To anyone with family members that escaped the Soviet
Union—including yours truly—the opening ceremony brought back terrible memories
of the Old Country.
The opening montage began with, "Russia overwhelms.
Russia mystifies. Russia transcends. Through every stage of its story, it's
resisted any notion of limitation. Through every re-invention, only redoubling
its desire to cast a towering presence.”
The narrator—Game of Thrones actor Peter Dinklage—continued
by saying, “The empire that ascended to affirm a colossal footprint; the
revolution that birthed one of modern history's pivotal experiments. But if
politics has long shaped our sense of who they are, it's passion that
endures...”
What’s so “pivotal” about centrally-planned government,
food rationing, prison labor camps, a secret police, and millions of deaths?
Much to the chagrin of NBC, the Bolshevik coup d’état and Joseph Stalin’s reign
of terror comprised the so-called “pivotal experiment” in Russia.
Unsurprisingly, NBC has praised Soviet communism in the
past.
A November 2009 Media Research Center report “Better off
Red?” details this confounding finding:
Lauer suggested that, for many Russians, the decades spent under communism were the good old days: “We’re gonna be talking about the New Russia, how a few people are doing very well and the fear that others are being left very far behind,” he teased on the February 12, 2004 morning news program. He later declared: “Russia’s rush to capitalism left the vast majority scrambling to survive. For many, life is worse than it was in Soviet times.”
R.J. Rummell— a University of Hawaii professor emeritus
of political science who famously coined the term “democide”— wrote in his book
Lethal Politics: Soviet Genocide and Mass Murder Since 1917 that an estimated
62 million people died under the Soviet regime.

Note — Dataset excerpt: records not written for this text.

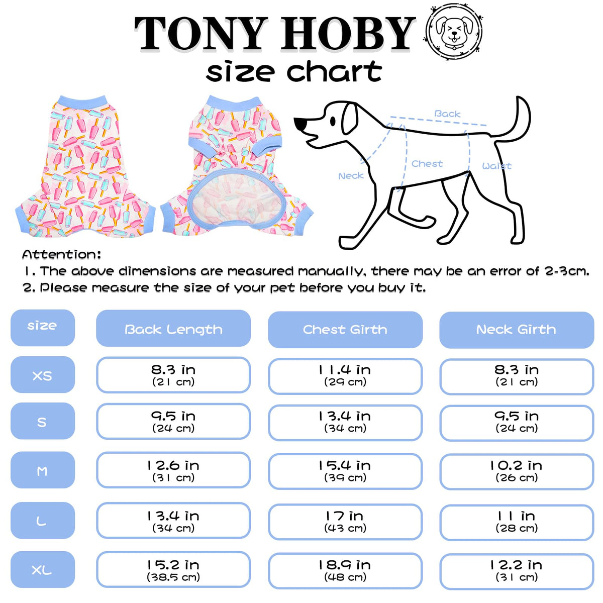 Tony Hoby Dog Pajamas High Quality, Focus On Grasping Every Production Detail, And Give The Dog The Most Intimate Care Size X-Small: Chest Girth Is 11.4', Back Length Is 8.3', Neck Girth Is 8.3' Small: Chest Girth Is 13.4', Back Length Is 9.5', Neck Girth Is 9.5' Medium: Chest Girth Is 15.4', Back Length Is 12.2', Neck Girth Is 10.2' Large: Chest Girth Is 17', Back Length Is 13.4', Neck Girth Is 11' X-Large: Chest Girth Is 18.9', Back Length Is 15.2', Neck Girth Is 12.2'
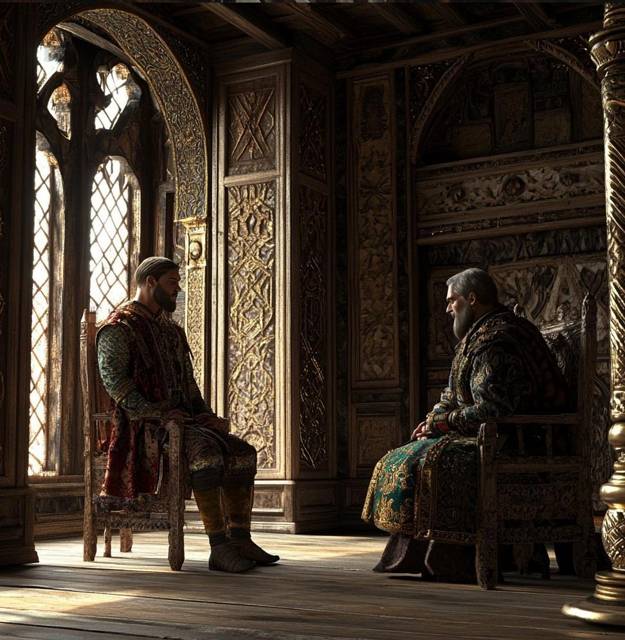 Киев, княжеский терем. Сквозь узкие окна пробивается утренний свет, высвечивая пылинки в воздухе. Игорь, восседая на троне, потягивает медовуху из резного кубка. Киевский трон больше похож на грубо сколоченную скамью, чем на символ власти. Игорь мечтает заменить эту неудобную штуку на нечто более подходящее. Предыдущий Великий князь этим не озаботился, Святославу все походы нужны были. А Игорь другой. На его лице играет легкая, едва уловимая ухмылка. Перед ним, чуть поодаль, стоит Драган, в потрепанных одеждах, но с узнаваемой выправкой наемника. Его уставшая поза говорила о том, что его тело еще не совсем отошло от пережитого. А на лице читается смесь недоумения и осторожного интереса.
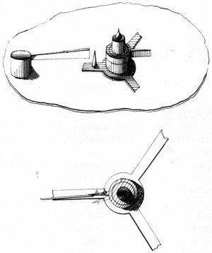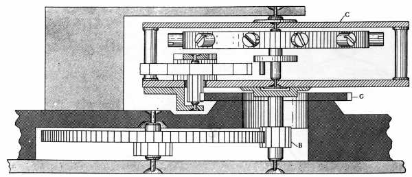 Figure 1.—Breguet’S Tourbillon. At C is shown the carriage which revolves with pinion B carrying the escapement and balance around the stationary wheel G. (After G. A. Baillie, Watches, their history, decoration, and mechanism, London, Methuen, n.d.)

Over 100 million people died as
a result of global communism in the 20th century.
Although some view criticism of the Sochi Olympics as
“Russophobia,” it’s pertinent to note Russia hasn’t been prosecuted for Soviet
war crimes. As a result, criticism of Russia should be welcomed—not
discouraged.
In a recent interview with The Blaze, Romanian Lt. Gen.

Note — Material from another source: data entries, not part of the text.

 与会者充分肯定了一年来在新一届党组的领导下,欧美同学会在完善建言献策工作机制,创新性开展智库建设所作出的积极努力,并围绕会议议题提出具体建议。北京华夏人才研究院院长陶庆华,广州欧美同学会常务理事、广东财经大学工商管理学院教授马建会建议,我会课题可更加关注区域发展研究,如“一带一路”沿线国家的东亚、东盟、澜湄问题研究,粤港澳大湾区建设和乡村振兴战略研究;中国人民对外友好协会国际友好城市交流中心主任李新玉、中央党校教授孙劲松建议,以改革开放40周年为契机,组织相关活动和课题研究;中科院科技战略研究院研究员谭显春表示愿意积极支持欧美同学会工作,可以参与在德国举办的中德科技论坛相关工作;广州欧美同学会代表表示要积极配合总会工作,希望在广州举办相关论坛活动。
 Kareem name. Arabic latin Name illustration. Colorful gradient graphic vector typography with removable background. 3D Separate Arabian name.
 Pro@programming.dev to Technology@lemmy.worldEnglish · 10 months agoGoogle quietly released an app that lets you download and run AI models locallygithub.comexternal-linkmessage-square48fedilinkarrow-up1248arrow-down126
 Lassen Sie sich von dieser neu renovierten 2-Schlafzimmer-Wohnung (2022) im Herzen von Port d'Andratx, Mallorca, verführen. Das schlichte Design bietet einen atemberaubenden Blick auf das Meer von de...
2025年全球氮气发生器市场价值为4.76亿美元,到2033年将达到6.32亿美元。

Ion Pacepa—author of the forthcoming book Disinformation and highest ranking
Soviet intelligence officer to ever defect—said the following about the current
state of Russia:
“The very idea that the Soviet Union was defeated is disinformation in itself. The Soviet Union changed its name and dropped its façade of Marxism, but it remained the samesamoderzhaviye, the historical Russian form of autocracy in which a tsar is running the country with the help of his political police…Russia today is the first intelligence dictatorship in history. It is a brand new form of totalitarianism, which we are not yet familiar with. Now the KGB, rechristened FSB, is openly running Russia.”

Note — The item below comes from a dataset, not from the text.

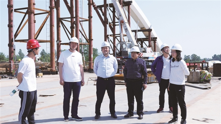 荊門城控集團(tuán)黨委書記、董事長杜佐鵬(左三)調(diào)研漳河新區(qū)鳳袁路片區(qū)

What best explains Russia’s backwardness? According to
NBC, it’s free enterprise’s fault.
Interestingly enough, Russia didn’t successfully
transition into a free-market country after 1991. As Heritage Foundation’s 2014
Index of Economic Freedom notes, Russia holds the 140th spot. The country has
witnessed “declines in investment freedom, financial freedom, business freedom,
and property rights.” Cronyism, not free enterprise, plagues Russia today.
As NBC sang praises of Mother Russia, one should have
found the propaganda disquieting.
Does the Pravda wannabe understand the message it sent by
praising Soviet communism as a “pivotal experiment”? My late grandfather who
survived one of Stalin’s gulags and millions of other victims didn’t think it
was a “pivotal experiment.” Soviet communism was an unmitigated disaster that
led to the equitable sharing of misery for all and death.
NBC should apologize to the victims of communism and
their families for exuding sheer disrespect. Like National Socialism, Soviet
communism and its variants deserve equal condemnation for their human rights
violations and mass bloodshed.
Our fellow Americans must be educated about the horrors
of communism. Revisionist history seriously poses a threat to intellectual
discourse and the American way of life. That’s why it’s encouraging to see
Victims of Communism Memorial Foundation, Joint Baltic American National
Committee, Heritage Foundation, and countless organizations counter
disinformation.
It’s time to tell the truth about communism. I’ll do my
part as a daughter of anti-communists from Lithuania—and I hope you do yours as
a fellow freedom-loving American—to honor its victims.